On 5/21/21 4:53 PM, Reuven Lax wrote:
Ah I see, you want to set the event-time timer in the future. Could also accomplish this with an end-of-window timer for which we keep updating the hold.

Unfortunately, this still doesn't quite work. The output will need to happen from the processing-time timer, so Beam will likely reject it due to being an output "in the past". In the past is determined by comparing the output timestamp to the timestamp of the current element being processed (for the case of timers, the timestamp of the timer is the output timestamp of that timer). The fact that there is another timer extant with that output timestamp doesn't help here.

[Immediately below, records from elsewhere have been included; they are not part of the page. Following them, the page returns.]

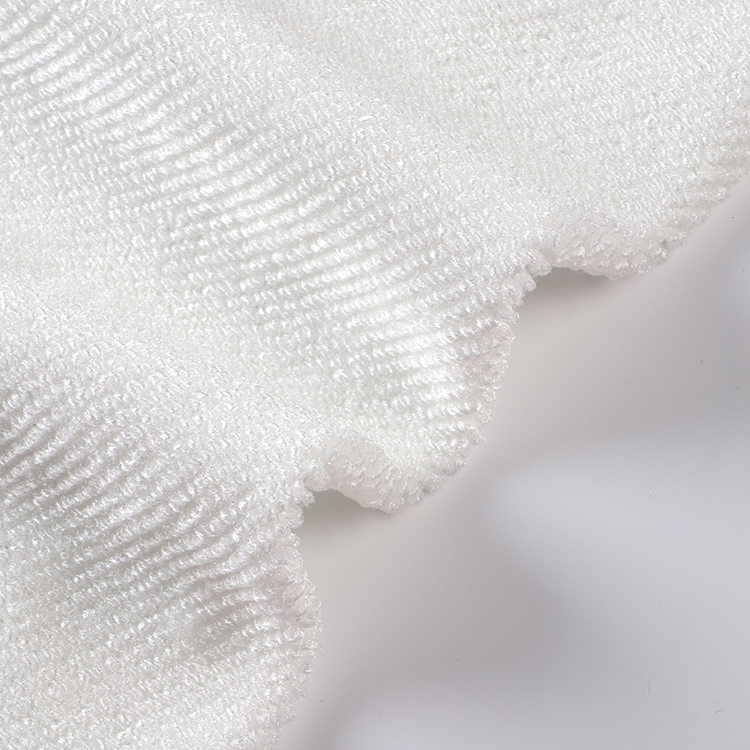 O tecido está disponível em larguras de 170, 190 e 210 cm, ou personalizado para atender às suas necessidades específicas. A altura da pilha varia de 2,5 a 3 mm, oferecendo uma textura macia e macia que é confortável e prática. Usamos uma técnica de malha para uma estrutura flexível e resiliente, tornando -a perfeita para várias aplicações.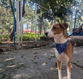 Description: Soy una perrita de tamaño mediano a grande , tengo de1.5 a 2 años aproximadamente. Estoy esterilizada y cuento con cartilla de vacunación. La persona que me rescató es de bajos recursos y me ha resguardado sin encontrar aún un hogar para mí. Estoy en un lugar muy pequeño donde no entra luz y no puedo moverme bien. Se siente una prisión pues a pesar de que recibo alimento, caricias y tengo la compañía de mi amiga con manchitas la vida se siente muy sola cuando ni si quiera puedes salir.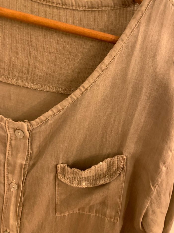 Chemise femme boutique indépendante avec sequins Tisssu kaki / marron grisé effet délavé - photo numéro 3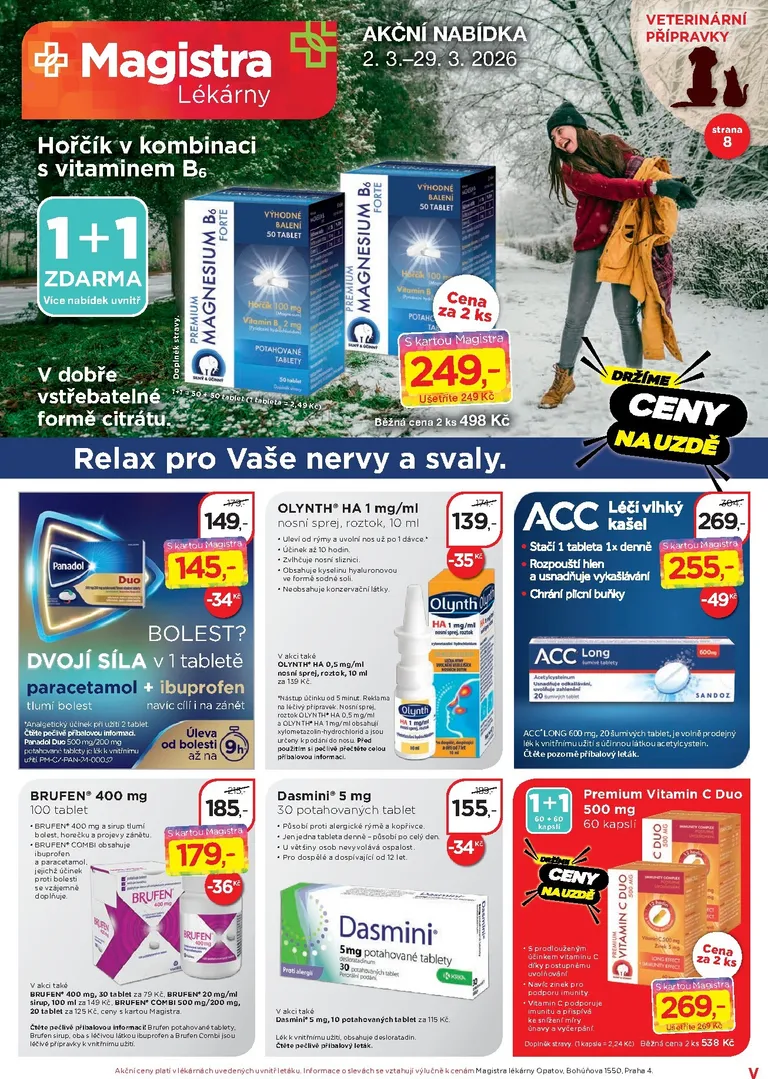 Právě se díváte na aktuální leták z obchodu Magistra Lékárny platný od 02.03.2026 do 29.03.2026. V letáku naleznete na 8 stránkách informace o aktuálních slevách. Navštěvujte pravidelně 111Letaky a získejte vždy aktuální informace o všech letácích z nabídek českých obchodů.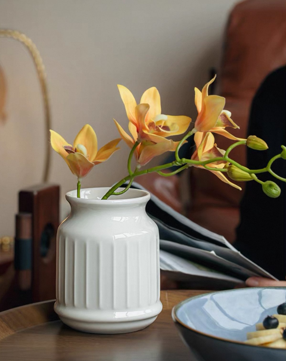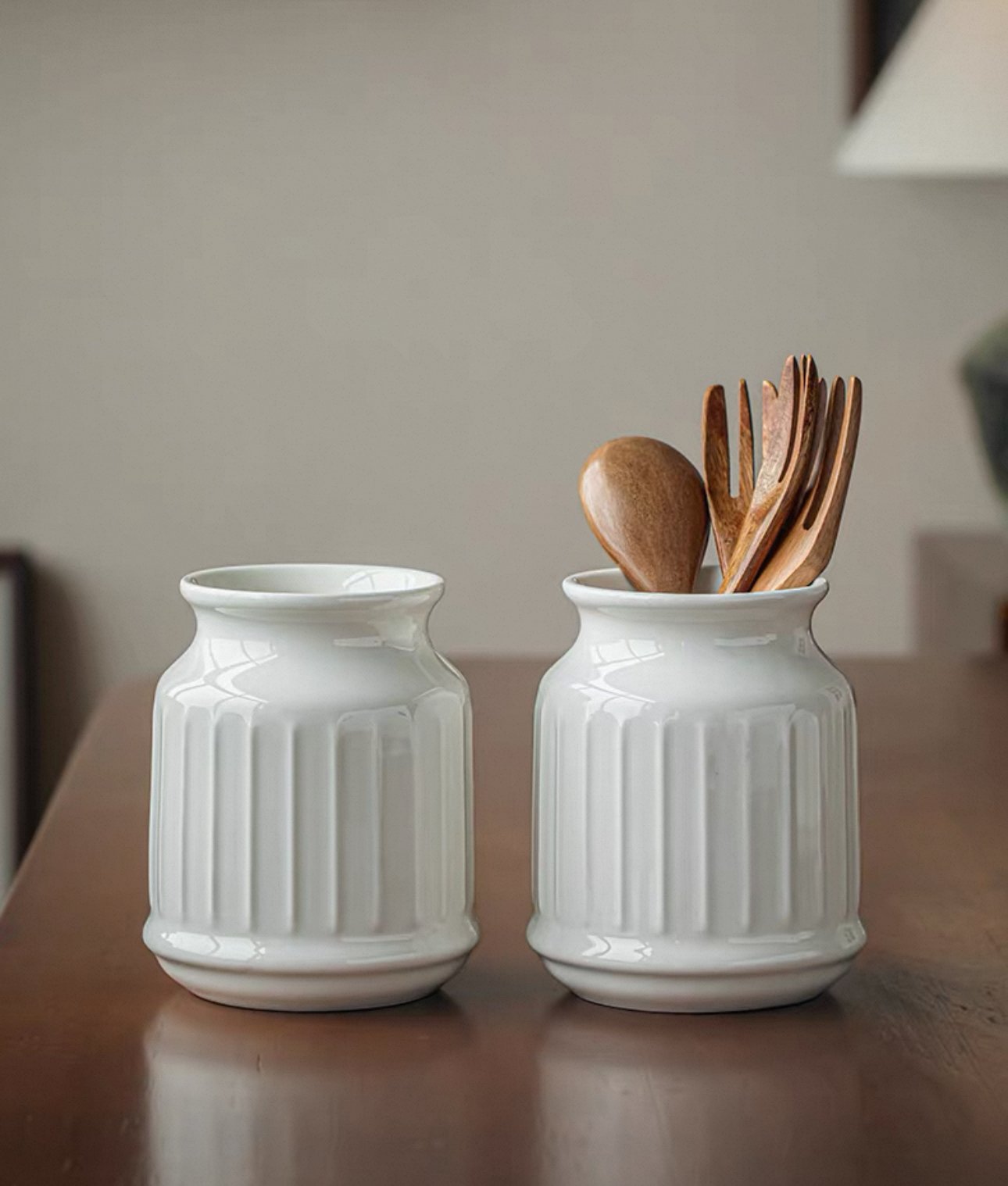 復古簡約竪紋陶瓷收納罐 🌿復古設計,亮面釉面,浮雕工藝 🌷簡約時尚,增添生活美感 🌻亮面易於清潔 尺寸:口徑約8cm,高12.5cm,底部7.5cm 產地:中國 材質:陶瓷
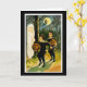 Vintage Halloween ilustrando um truque ou tratadores sendo assustados por um fantasma na floresta.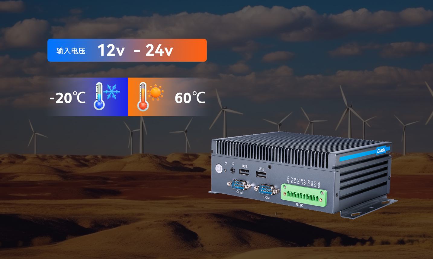 AF208支持-20°C至60°C宽温工作,12-24V宽电压输入设计稳定运行,无惧严寒、高温等极端气候挑战,稳定运行。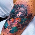 Tetování nadpřirozené bytosti, víla s liškami na paži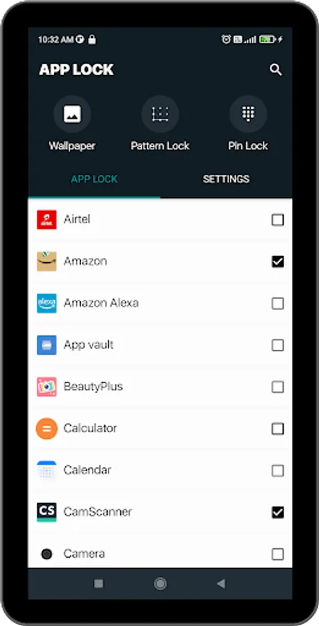 ▶AppLock has multiple lock options: PIN Lock,Pattern Lock and Fingerprint Lock choose your favorite style to lock apps .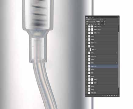 59 在刚做出的白高光带内侧边缘用钢笔工具勾出一个选区,建立新图层,吸取旁边喷嘴的灰色。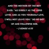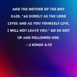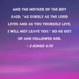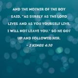 And the mother of the boy said, "As surely as the LORD lives and as you yourself live, I will not leave you." So he got up and followed her.

On Fri, May 21, 2021 at 2:06 AM Jan Lukavský <je...@seznam.cz <mailto:je...@seznam.cz>> wrote:

    If I understand it correctly (and what I have observed from the
    actual behavior on both FlinkRunner and DirectRunner) a relative
    timer with zero duration will not fire immediately. It has to wait
    for the watermark to advance. It requires to fix [1] for the
    relative timer with output timestamp to work reliably.

     Jan

    [1] https://issues.apache.org/jira/browse/BEAM-12276
    <https://issues.apache.org/jira/browse/BEAM-12276>

    On 5/20/21 7:08 PM, Reuven Lax wrote:
    I don't think that would work well. It's entirely possible that
    the input watermark will already have passed the timestamp of the
    hold, in which case an event-time timer would fire immediately.
    You could make it a looping timer, but the new timer would also
    fire immediately after being set, and a tight timer loop isn't a
    good idea.

    A Timer.get() is one solution, though I think the only way we
    have to implement it is to store the timer's timestamp in a
    ValueState; doing this for every timer would add a lot of cost to
    pipelines.

    Another option is a Timer.getCurrentTime() method, that would
    return the current base time that setRelative is based off of. It
    seems like a strange function to add to Timer though.

    Another option is to use TimerMap to bucket timers. Every minute
    we round the current processing time to the nearest minute and
    set a timer with an expiration of that minute (and with the
    minute timestamp as its tag as well). This way we would have a
    continuous sequence of expiring timers, and we wouldn't have to
    set just the first one. The biggest problem with this approach is
    that we would also have to use MapState to store the desired
    watermark hold per  processing-time bucket. MapState is not
    supported by many runners yet, so I don't want to use it in a
    basic transform like GroupIntoBatches (furthermore - a transform
    that works on most runners today).

    Reuven


    On Thu, May 20, 2021 at 2:11 AM Jan Lukavský <je...@seznam.cz
    <mailto:je...@seznam.cz>> wrote:

        Sounds like you could solve that using second event time
        timer, that would be actually used only to hold the output
        timestamp (watermark hold). Something like

        
eventTimer.withOutputTimestamp(currentBufferMinimalStamp).offset(Duration.ZERO).setRelative()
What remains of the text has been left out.